Kenya Electricity Generating Company PLC (KENGEN) has become the first state-owned enterprise to restructure its board under the Government Owned Enterprises Act 2025, reducing its board from 14 to 9 directors.
- •The restructuring has triggered the departure of three independent non-executive directors: Board Chairman Hon. Alfred Agoi Masadia, Hon. Rehema Hassan, and CPA. Bernard Ngugi.
- •Under the new Articles, six of the nine board seats are reserved for independent directors selected through a competitive, ring-fenced process.
- •KenGen is the first listed GOE to implement the changes ahead of Kenya Power, Kenya Re, and others at various stages of compliance.

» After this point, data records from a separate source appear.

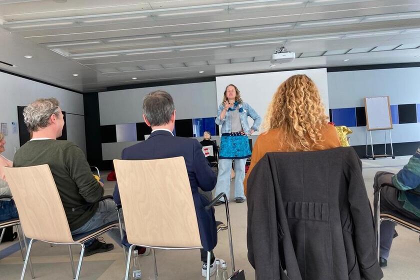 Im dritten Stock angekommen sitzen in einem großen Raum mit modernen Bildern an den Wänden im Halbkreis auf Stühlen rund 15 Männer und Frauen. Die Stimmung ist hier ruhig, manchen unterhalten sich leise. Helga Hedi Denu geht mit Smalltalk auf die Wartenden ein, packt nach und nach die Taschen aus und richtet sich ein. "Technik brauche ich nicht zwingend, mal schauen." Dann geht es los, Helga stellt sich vor den Stuhlkreis und stellt sich vor: "Ich bin Erste-Hilfe-Trainerin bei den Johannitern, neurodivers, Frau mit Migrationshintergrund, Erlebnispädagogin und Papa von drei Söhnen." Und sie erklärt die verschiedenen Methoden, die sie anwenden wird.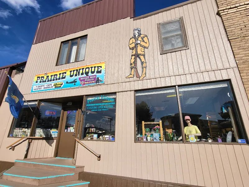 Prairie Unique is our destination. This shop, owned by Dale and Kathy Galland, is a gift and hobby shop in one. As we step inside, a woman’s voice shouts an enthusiastic “Hello!” With a bright smile, Kathy bounds out from the back. She greets us as though we were long-lost friends and immediately hands us a piece of caramel swirl saltwater taffy.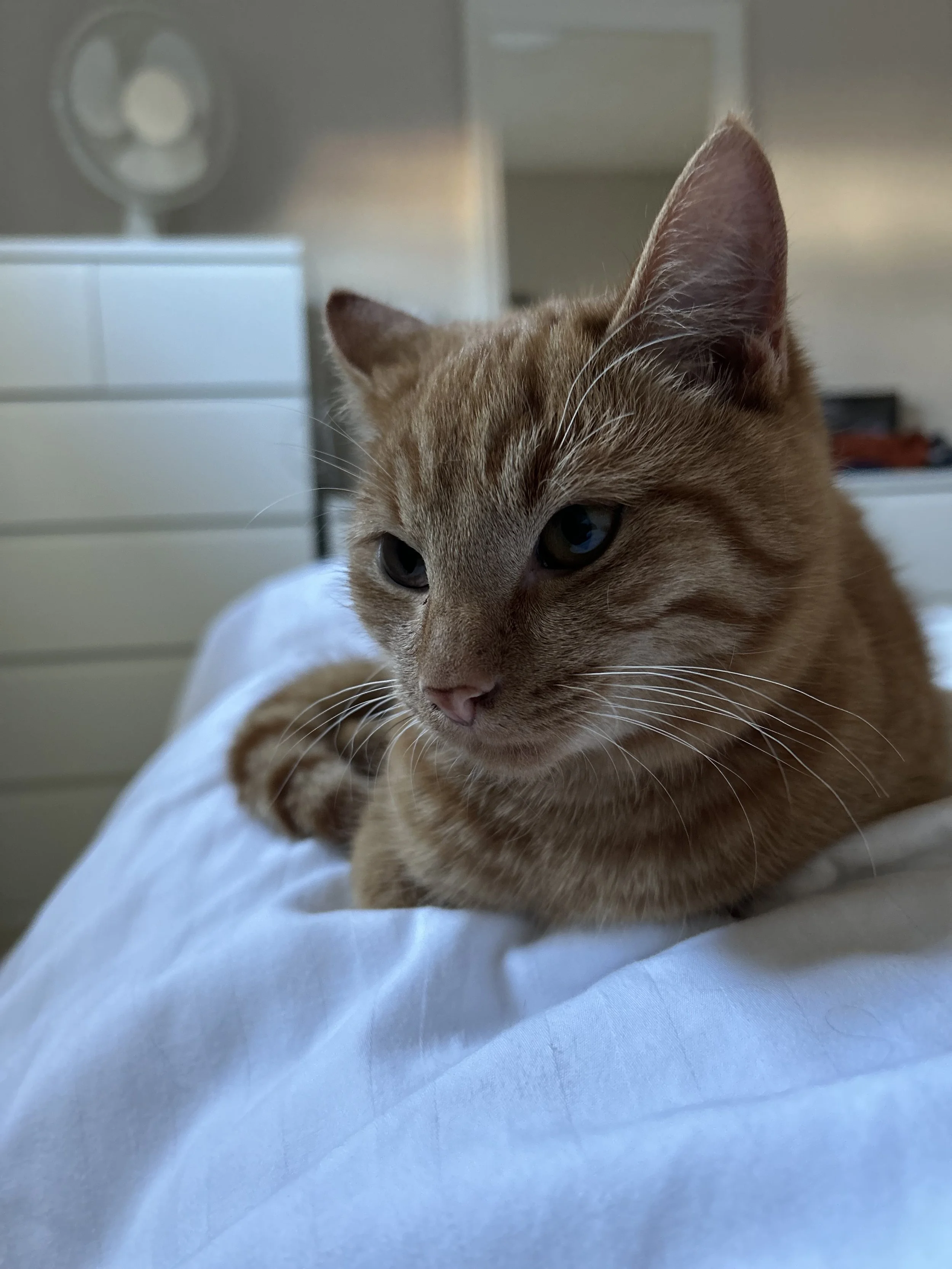 Likes: Cuddling, attention, head and chin scratches, meal time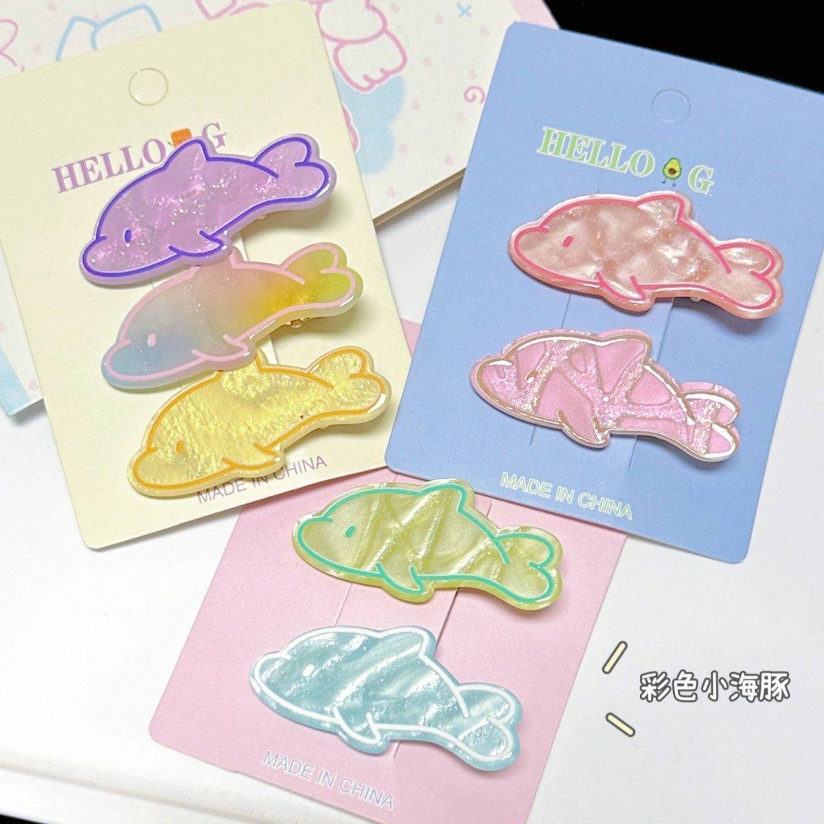 七彩小海豚发夹可爱彩色多巴胺少女心卡通刘海边夹头饰卡子鸭嘴夹 5.00 已售:0件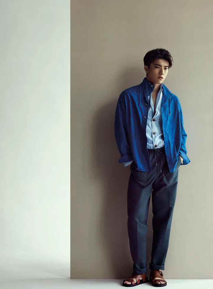 棉质条纹夹克、绒面革飞行员夹克、棉裤和皮革凉鞋/Hermes。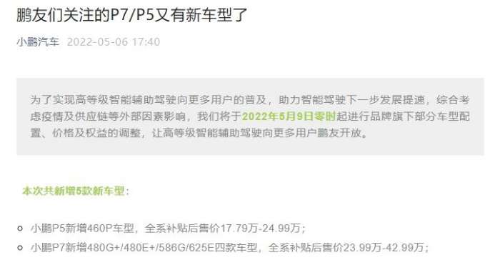南方财经5月6日电,小鹏汽车微信公众号宣布P5/P7推出新车型。其中,小鹏P5新增460P车型,全系补贴后售价17.79万-24.99万;小鹏P7新增480G+/480E+/586G/625E四款车型,全系补贴后售价23.99万-42.99万。小鹏汽车表示,除P5和P7车系配置和价格调整外,小鹏汽车品牌充电服务权益也将进行变更。自5月9日零时起,购买小鹏G3i、P5和P7的用户不再享受终身免费充电和免费家用充电桩及安装的权益。(南方财经 方楚槟)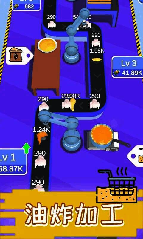 《现做现卖炸鸡餐厅游戏(Idle Chicken Processing)》是一款极具趣味的模拟经营游戏。玩家化身炸鸡店老板,亲手制作美味炸鸡,吸引顾客并运营餐厅。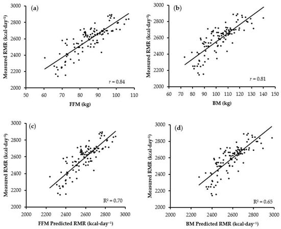 Relationship between (a) fat-free mass (FFM), (b) body mass (BM), and measured resting metabolic rate (RMR). The newly developed (c) FFM and (d) BM prediction equations plotted against measured RMR.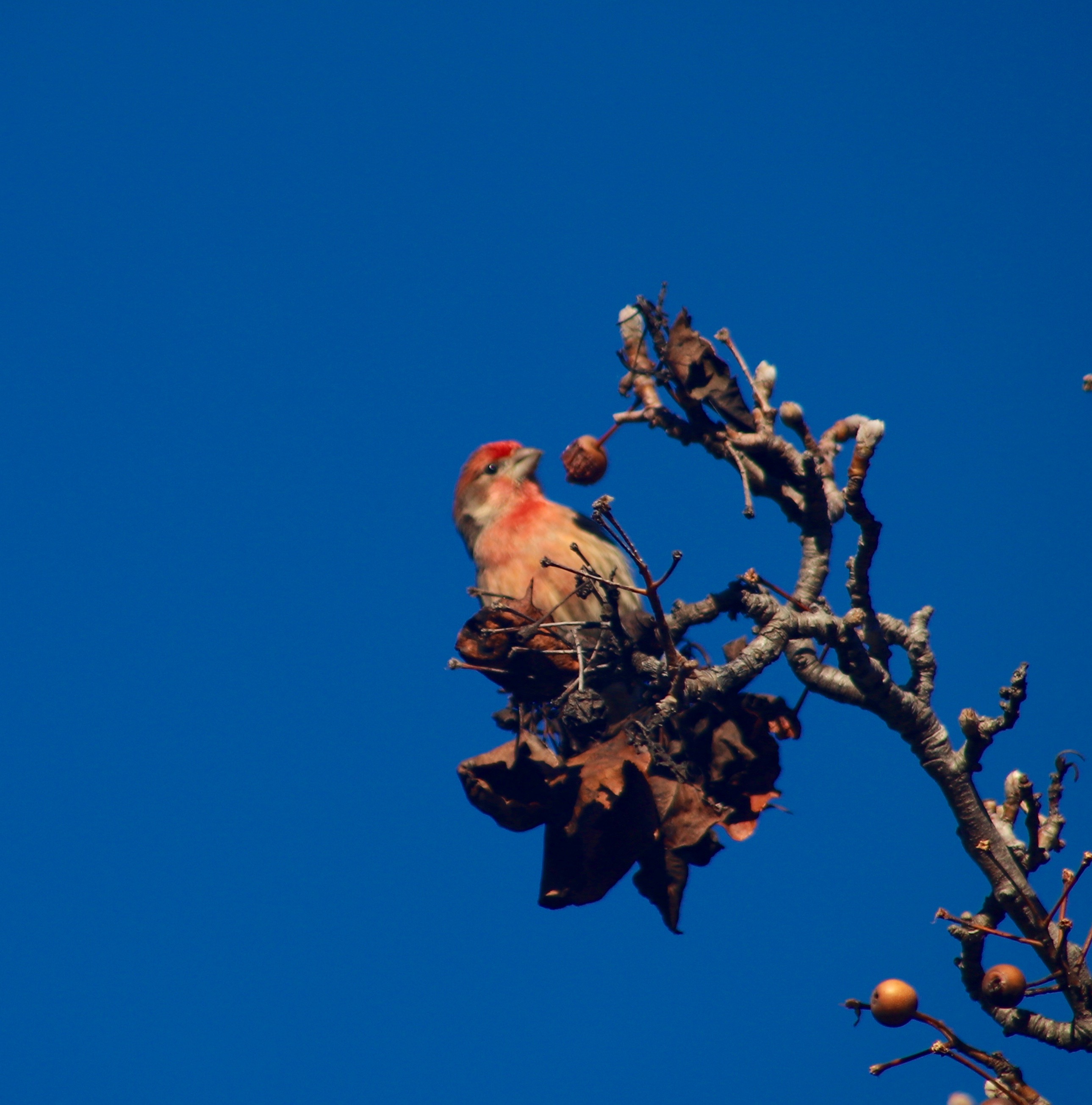 House finch working on some berries. This is one of those photos with 10 photos before and 10 photos after. Most with his head behind a berry, turned away, or out of focus. And this one isn't even what I had hoped for. The joys of photographing birds.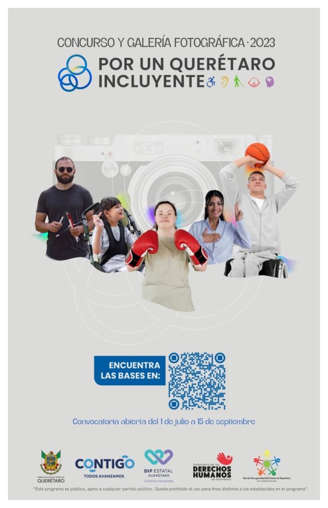 El Sistema Estatal DIF, la Red de Discapacidad del Estado de Querétaro y la Defensoría de los Derechos Humanos de Querétaro (DDHQ), emitieron la convocatoria al Concurso y Galería Fotográfica “Por un Querétaro Incluyente 2023”, en la que se invita a toda la sociedad queretana a participar en la construcción de una nueva visión de las personas con discapacidad.
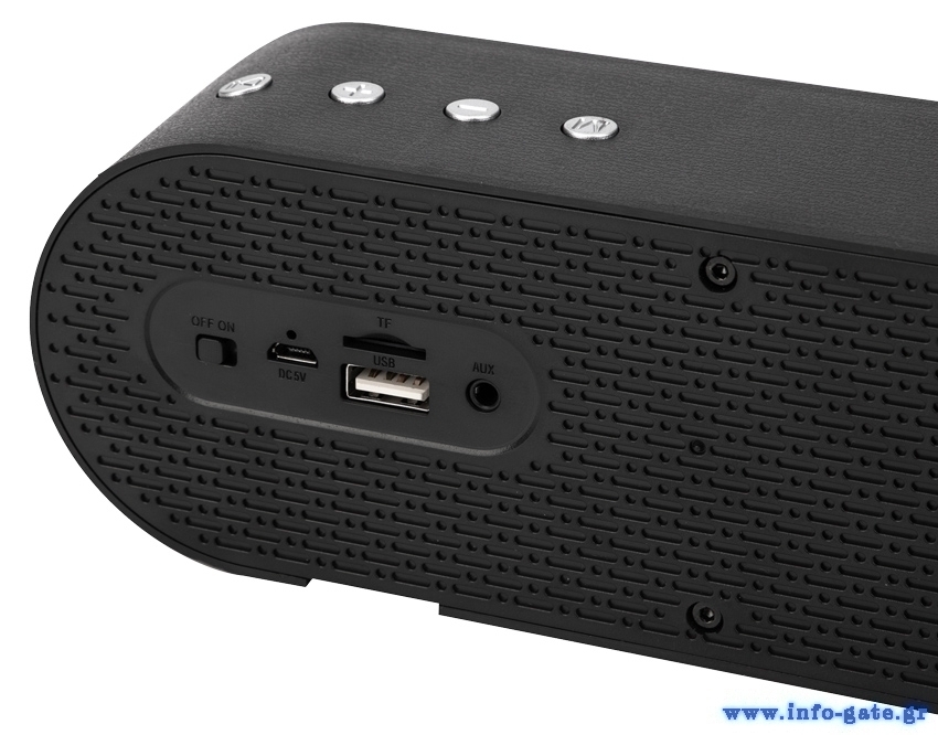 Εξοπλίζεται με ενσωματωμένη, επαναφορτιζόμενη μπαταρία χωρητικότητας 1200mAh, που προσφέρει έως και 4 ώρες μουσικής. Υποστηρίζει αναπαραγωγή μουσικής μέσω Bluetooth, θύρας 3.5mm, USB flash ή κάρτας micro SD.
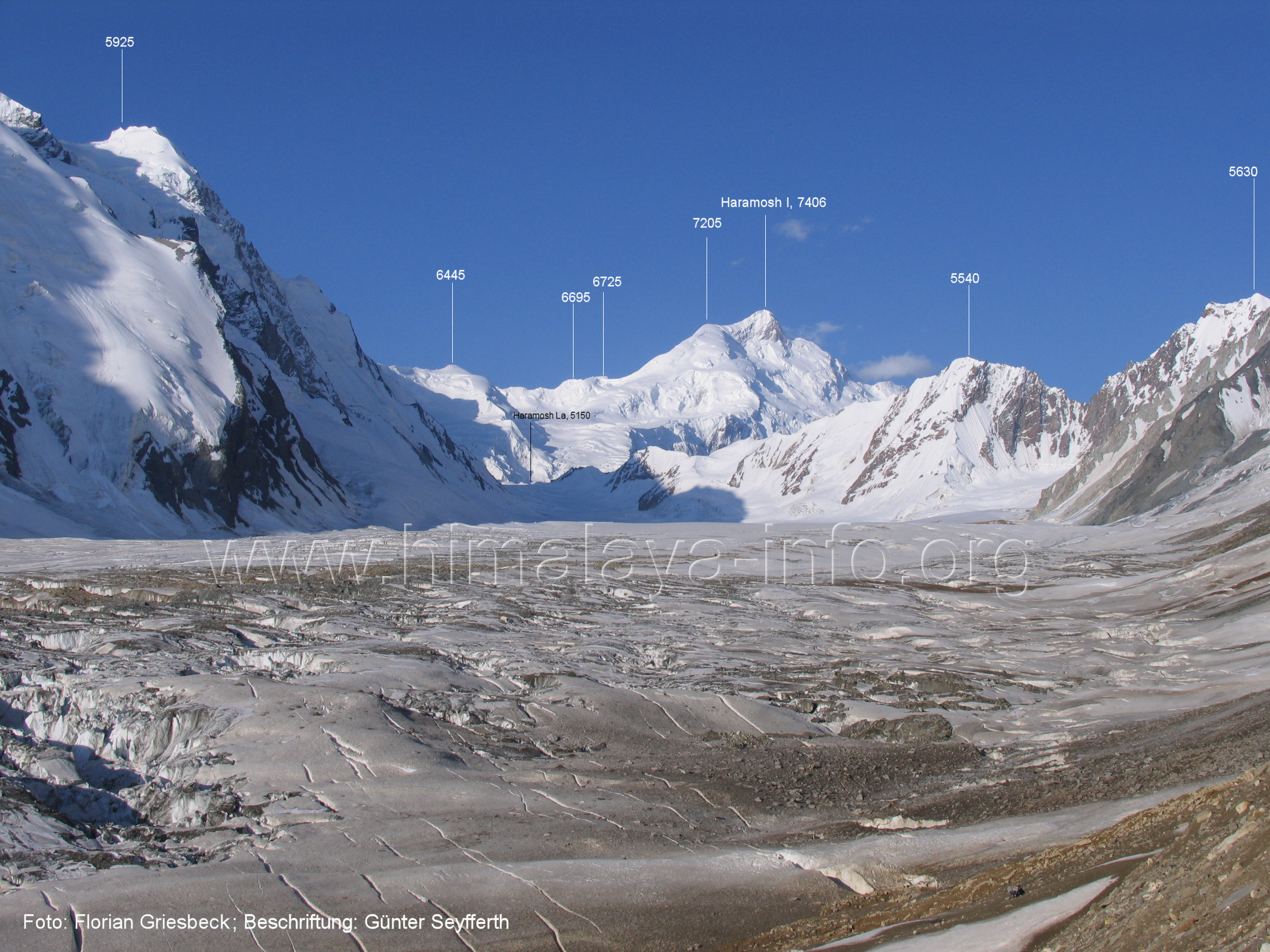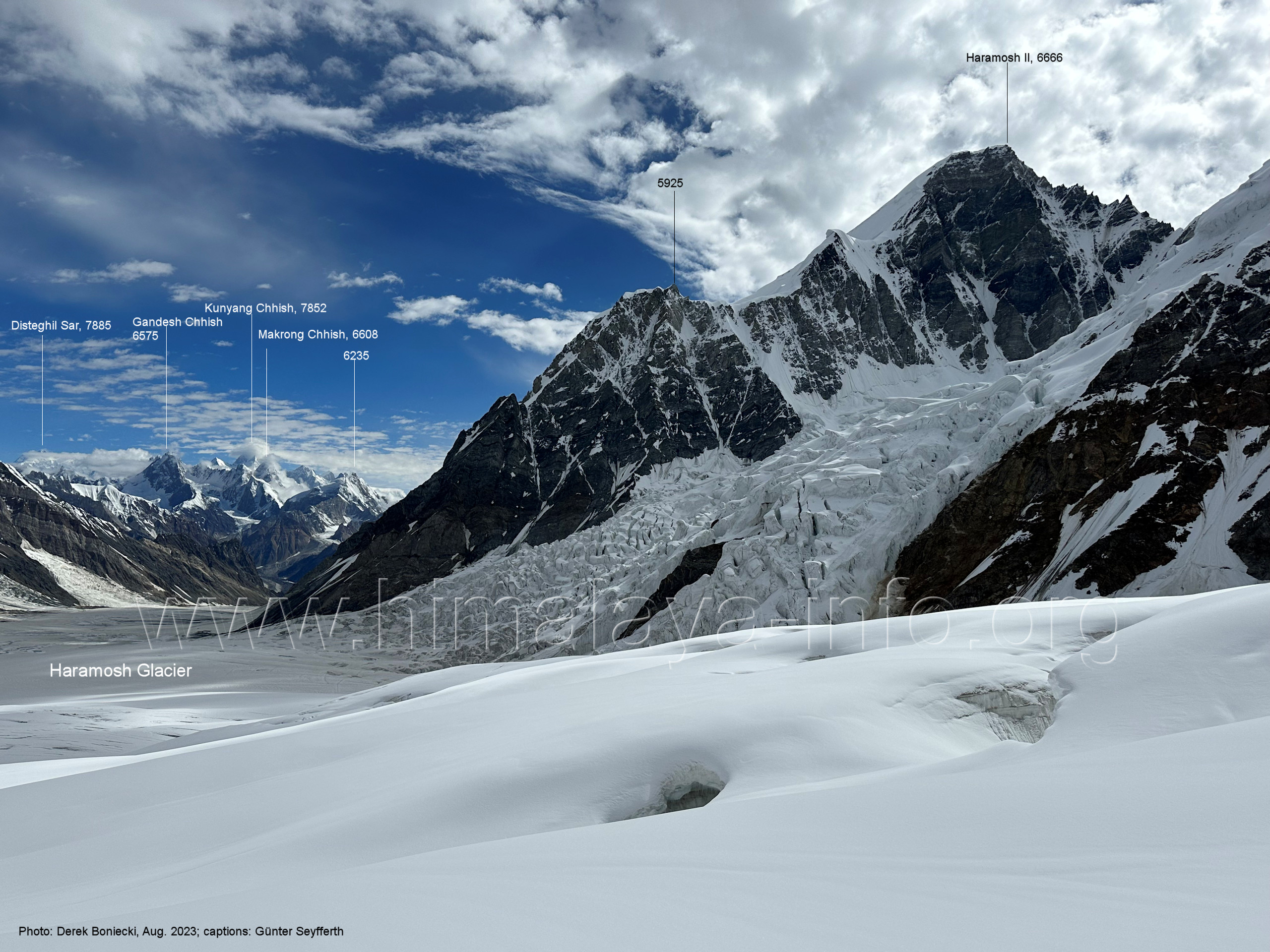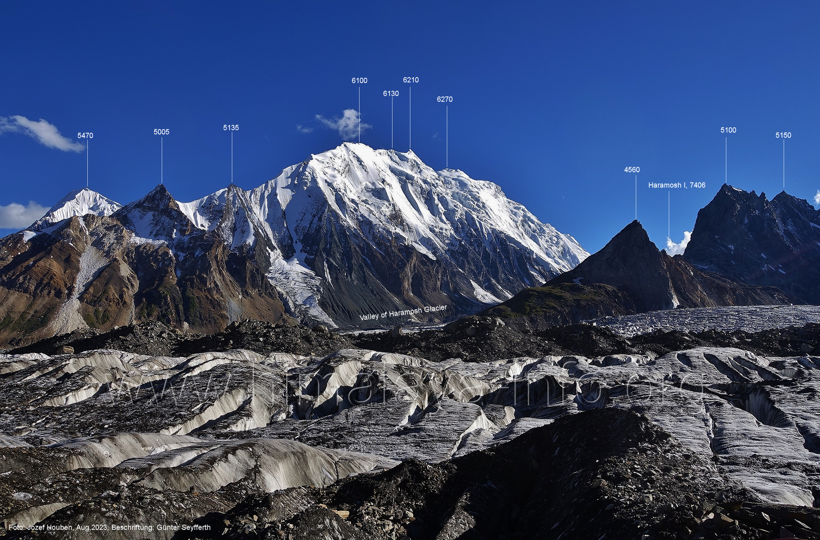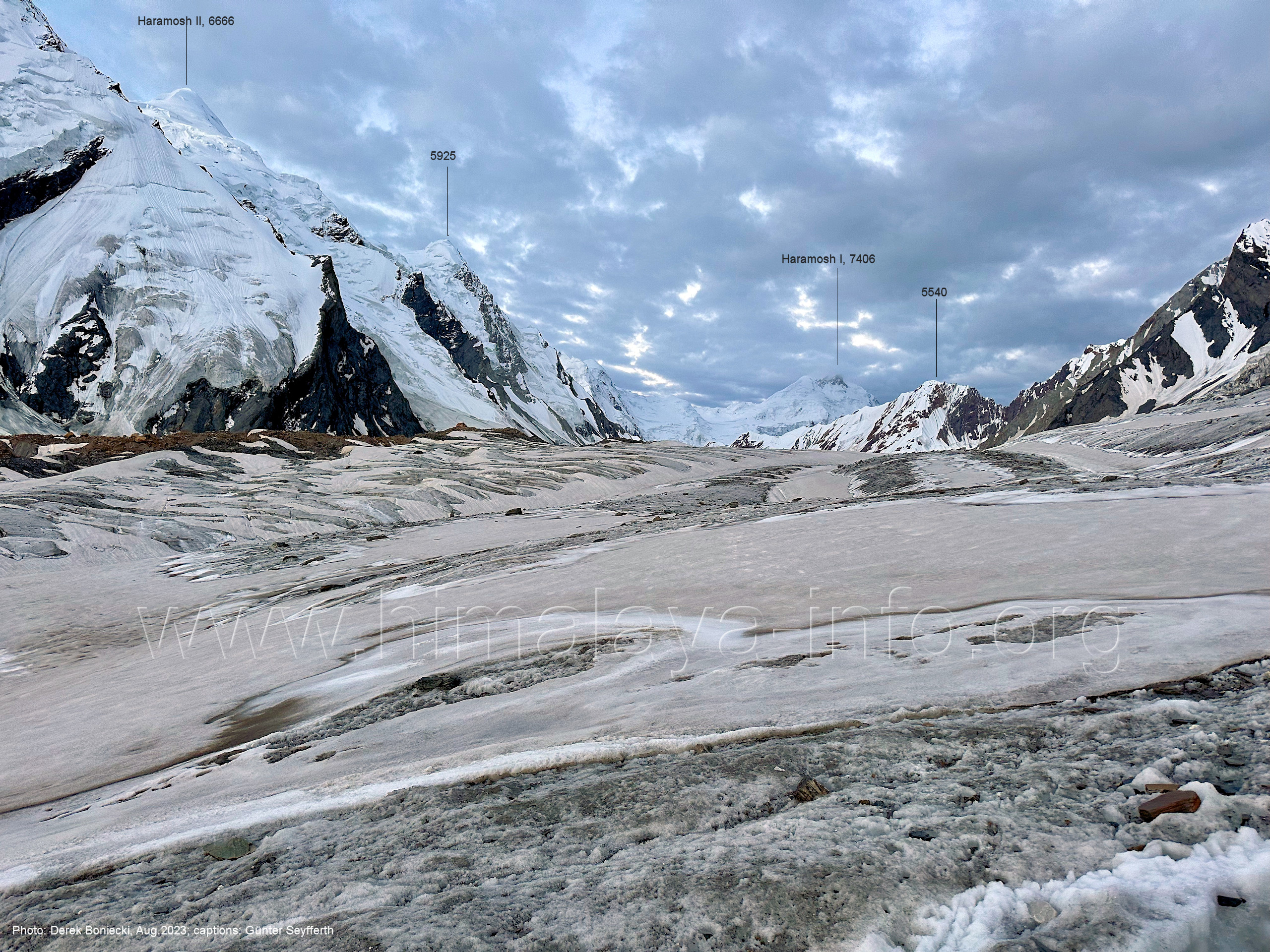 befindet sich der Haramosh La (5150 m). Foto: Jozef Houben, Aug. 2023; Beschriftung: Günter Seyfferth (82) Blick bei 75°03'20" nach Südwesten entlang des Haramosh-Gletschers mit Haramosh I (7406 m) und Laila I (6986 m) Foto: Jozef Houben, Aug. 2023; Beschriftung: Günter Seyfferth (83) Blick bei 75°03'10" nach Südwesten mit Haramosh I (7406 m) und Laila I (6986 m) Der Haramosh La liegt im Bereich des tiefsten Punktes des Grats, der vom Peak 5540 nach links abfällt. Foto: Jozef Houben, Aug. 2023; Beschriftung: Günter Seyfferth (84) Tele-Blick bei 75°03'05" nach Südwesten zum Haramosh I (7406 m) Foto: Jozef Houben, Aug. 2023; Beschriftung: Günter Seyfferth (84a) Blick bei 75°02'50" in der Mitte des Gletschers in ca. 4100 m Höhe nach Südwesten zur Laila I (6986 m) Beim Aufstieg ging die Gruppe von Jozef Houben in der

The changes align KenGen with the Government Owned Enterprises Act 2025, signed by President Ruto on 21st November 2025.
The law mandates 9-member boards across all GOEs, caps director tenure at three years renewable once, and requires independent directors to be appointed through a structured process run by an independent search panel. The reconstituted board must elect its own chairperson from among those independent directors, ending the prior arrangement under which the position was effectively a government appointment
Shareholders also approved a Class A and Class B share structure, ring-fencing minority investor voting power on independent director elections. The government holds 70% of KenGen; the general public holds approximately 27.4%, or 1.806 billion shares.
The company supplies more than 60% of Kenya's electricity and is pursuing expansion across geothermal, hydro, nuclear, solar and wind under its G2G 2034 strategy.